──────── Material for this task
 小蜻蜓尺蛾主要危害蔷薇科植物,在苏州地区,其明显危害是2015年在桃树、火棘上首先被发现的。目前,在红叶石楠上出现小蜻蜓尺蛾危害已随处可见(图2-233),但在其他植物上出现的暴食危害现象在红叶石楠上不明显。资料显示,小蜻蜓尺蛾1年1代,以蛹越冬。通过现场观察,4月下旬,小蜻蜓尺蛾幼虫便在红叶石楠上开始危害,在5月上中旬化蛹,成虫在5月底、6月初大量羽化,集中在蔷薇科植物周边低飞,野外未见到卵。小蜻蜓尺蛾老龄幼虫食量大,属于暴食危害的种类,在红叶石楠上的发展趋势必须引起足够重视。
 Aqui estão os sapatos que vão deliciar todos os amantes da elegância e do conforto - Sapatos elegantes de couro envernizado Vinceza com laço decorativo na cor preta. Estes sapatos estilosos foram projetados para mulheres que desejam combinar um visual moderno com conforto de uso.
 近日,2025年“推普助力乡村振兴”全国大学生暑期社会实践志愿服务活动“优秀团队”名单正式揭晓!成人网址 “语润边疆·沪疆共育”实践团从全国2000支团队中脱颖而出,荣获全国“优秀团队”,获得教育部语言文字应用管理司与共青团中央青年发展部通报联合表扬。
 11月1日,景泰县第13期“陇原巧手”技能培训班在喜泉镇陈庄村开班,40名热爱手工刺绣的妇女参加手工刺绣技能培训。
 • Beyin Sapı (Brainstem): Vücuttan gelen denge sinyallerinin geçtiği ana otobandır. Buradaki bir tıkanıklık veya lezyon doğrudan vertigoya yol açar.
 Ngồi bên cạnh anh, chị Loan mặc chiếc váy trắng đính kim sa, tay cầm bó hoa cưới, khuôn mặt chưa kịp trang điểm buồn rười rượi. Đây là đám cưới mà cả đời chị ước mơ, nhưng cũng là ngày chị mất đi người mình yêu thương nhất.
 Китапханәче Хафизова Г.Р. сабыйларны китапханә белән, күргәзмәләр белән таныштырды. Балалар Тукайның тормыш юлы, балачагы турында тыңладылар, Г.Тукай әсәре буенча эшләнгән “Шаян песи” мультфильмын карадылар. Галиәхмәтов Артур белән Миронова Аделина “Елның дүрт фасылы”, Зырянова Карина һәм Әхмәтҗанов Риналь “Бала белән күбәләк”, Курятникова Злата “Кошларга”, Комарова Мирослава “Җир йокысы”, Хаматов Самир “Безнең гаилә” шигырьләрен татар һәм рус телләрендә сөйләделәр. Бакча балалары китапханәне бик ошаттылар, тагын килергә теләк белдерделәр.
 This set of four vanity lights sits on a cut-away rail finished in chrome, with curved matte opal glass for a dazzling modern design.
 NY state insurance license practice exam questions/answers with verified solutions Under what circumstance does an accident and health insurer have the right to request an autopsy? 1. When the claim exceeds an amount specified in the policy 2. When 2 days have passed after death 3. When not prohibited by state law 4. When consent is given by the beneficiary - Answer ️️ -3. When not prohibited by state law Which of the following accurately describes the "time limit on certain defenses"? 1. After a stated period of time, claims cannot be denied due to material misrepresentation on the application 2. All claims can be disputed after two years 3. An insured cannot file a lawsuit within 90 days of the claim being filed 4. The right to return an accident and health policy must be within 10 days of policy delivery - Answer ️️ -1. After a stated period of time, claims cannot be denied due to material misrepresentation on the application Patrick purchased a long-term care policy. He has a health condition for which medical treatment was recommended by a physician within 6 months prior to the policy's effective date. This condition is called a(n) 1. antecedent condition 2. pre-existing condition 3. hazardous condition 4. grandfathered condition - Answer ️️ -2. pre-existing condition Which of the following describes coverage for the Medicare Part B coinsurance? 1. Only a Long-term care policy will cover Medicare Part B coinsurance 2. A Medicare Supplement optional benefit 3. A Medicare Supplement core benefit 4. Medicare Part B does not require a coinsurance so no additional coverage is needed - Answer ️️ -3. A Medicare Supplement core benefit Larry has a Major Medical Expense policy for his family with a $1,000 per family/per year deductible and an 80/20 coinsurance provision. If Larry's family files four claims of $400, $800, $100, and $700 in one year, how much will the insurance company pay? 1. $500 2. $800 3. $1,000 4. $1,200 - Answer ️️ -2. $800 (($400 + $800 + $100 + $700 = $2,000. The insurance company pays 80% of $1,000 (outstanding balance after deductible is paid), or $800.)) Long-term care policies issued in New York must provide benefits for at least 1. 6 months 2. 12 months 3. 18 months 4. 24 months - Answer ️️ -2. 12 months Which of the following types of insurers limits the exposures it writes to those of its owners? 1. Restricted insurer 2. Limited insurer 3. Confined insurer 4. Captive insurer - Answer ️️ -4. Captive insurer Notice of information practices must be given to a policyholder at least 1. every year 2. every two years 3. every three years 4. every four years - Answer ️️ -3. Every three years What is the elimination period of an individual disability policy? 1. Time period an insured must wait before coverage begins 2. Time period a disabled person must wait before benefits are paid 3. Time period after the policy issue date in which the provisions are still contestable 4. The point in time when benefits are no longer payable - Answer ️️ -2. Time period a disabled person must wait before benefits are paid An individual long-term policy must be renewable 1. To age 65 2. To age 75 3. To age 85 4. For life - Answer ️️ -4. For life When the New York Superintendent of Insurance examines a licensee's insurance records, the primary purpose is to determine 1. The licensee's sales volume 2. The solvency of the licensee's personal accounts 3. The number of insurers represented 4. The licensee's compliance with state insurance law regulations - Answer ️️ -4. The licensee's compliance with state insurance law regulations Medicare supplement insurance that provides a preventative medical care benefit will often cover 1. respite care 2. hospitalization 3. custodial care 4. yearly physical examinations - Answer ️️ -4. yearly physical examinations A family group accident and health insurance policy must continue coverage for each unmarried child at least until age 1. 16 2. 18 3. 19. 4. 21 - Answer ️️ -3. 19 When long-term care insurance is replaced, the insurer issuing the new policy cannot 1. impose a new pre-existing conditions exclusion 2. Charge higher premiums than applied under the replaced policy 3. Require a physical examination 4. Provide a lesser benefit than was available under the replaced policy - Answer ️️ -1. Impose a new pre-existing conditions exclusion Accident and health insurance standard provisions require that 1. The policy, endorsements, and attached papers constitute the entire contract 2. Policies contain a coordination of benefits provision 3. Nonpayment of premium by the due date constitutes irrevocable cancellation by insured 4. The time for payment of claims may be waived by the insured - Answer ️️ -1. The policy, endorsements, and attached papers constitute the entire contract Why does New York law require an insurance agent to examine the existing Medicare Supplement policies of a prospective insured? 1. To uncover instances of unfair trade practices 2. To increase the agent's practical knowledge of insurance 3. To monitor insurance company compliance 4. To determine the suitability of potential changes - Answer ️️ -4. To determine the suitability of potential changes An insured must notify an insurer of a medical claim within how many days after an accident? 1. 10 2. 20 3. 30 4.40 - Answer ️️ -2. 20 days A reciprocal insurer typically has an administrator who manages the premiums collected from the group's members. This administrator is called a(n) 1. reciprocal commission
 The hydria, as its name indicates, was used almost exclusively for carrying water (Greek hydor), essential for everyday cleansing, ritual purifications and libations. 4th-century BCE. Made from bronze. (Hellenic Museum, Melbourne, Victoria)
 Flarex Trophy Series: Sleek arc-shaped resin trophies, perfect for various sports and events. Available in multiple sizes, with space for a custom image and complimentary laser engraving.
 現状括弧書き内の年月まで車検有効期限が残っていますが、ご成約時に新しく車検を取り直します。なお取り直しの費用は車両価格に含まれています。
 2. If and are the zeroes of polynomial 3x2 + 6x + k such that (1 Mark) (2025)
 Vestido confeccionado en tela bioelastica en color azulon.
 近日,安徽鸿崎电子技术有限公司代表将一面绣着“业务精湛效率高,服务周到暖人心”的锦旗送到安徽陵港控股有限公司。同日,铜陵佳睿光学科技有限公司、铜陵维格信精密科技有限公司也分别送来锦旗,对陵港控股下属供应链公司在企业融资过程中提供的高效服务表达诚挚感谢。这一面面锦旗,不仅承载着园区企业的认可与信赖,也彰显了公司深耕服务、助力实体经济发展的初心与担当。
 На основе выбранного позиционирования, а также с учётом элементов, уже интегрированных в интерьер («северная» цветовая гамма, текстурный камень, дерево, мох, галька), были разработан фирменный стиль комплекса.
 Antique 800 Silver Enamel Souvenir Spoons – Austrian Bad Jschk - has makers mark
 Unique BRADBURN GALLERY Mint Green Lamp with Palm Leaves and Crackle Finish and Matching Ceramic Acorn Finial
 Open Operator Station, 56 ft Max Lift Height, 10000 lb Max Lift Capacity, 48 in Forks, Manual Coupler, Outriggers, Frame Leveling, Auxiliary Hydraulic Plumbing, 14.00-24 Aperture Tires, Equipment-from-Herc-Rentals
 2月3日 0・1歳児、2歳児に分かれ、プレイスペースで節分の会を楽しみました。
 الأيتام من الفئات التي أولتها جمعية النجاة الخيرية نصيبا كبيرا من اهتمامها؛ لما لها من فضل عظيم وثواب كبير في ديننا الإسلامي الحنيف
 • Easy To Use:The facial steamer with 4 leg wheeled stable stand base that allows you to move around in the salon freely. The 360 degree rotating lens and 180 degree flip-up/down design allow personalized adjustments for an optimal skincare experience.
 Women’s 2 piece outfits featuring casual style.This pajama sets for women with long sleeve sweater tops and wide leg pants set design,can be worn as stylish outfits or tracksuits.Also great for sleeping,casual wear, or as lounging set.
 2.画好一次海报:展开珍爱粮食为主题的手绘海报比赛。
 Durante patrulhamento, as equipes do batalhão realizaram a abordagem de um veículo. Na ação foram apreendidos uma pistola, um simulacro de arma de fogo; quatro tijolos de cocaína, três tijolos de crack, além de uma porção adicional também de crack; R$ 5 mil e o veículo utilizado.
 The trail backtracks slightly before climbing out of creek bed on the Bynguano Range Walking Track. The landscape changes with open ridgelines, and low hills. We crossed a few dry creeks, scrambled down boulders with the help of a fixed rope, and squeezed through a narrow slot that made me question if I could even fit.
────────────────
[What is being asked]: Give back, unchanged, the run of lines in the listing above that begins at the line containing "На основе выбранного" and ends at the line containing "Durante patrulhamento, as", both included.

[Response]:
 На основе выбранного позиционирования, а также с учётом элементов, уже интегрированных в интерьер («северная» цветовая гамма, текстурный камень, дерево, мох, галька), были разработан фирменный стиль комплекса.
 Antique 800 Silver Enamel Souvenir Spoons – Austrian Bad Jschk - has makers mark
 Unique BRADBURN GALLERY Mint Green Lamp with Palm Leaves and Crackle Finish and Matching Ceramic Acorn Finial
 Open Operator Station, 56 ft Max Lift Height, 10000 lb Max Lift Capacity, 48 in Forks, Manual Coupler, Outriggers, Frame Leveling, Auxiliary Hydraulic Plumbing, 14.00-24 Aperture Tires, Equipment-from-Herc-Rentals
 2月3日 0・1歳児、2歳児に分かれ、プレイスペースで節分の会を楽しみました。
 الأيتام من الفئات التي أولتها جمعية النجاة الخيرية نصيبا كبيرا من اهتمامها؛ لما لها من فضل عظيم وثواب كبير في ديننا الإسلامي الحنيف
 • Easy To Use:The facial steamer with 4 leg wheeled stable stand base that allows you to move around in the salon freely. The 360 degree rotating lens and 180 degree flip-up/down design allow personalized adjustments for an optimal skincare experience.
 Women’s 2 piece outfits featuring casual style.This pajama sets for women with long sleeve sweater tops and wide leg pants set design,can be worn as stylish outfits or tracksuits.Also great for sleeping,casual wear, or as lounging set.
 2.画好一次海报:展开珍爱粮食为主题的手绘海报比赛。
 Durante patrulhamento, as equipes do batalhão realizaram a abordagem de um veículo. Na ação foram apreendidos uma pistola, um simulacro de arma de fogo; quatro tijolos de cocaína, três tijolos de crack, além de uma porção adicional também de crack; R$ 5 mil e o veículo utilizado.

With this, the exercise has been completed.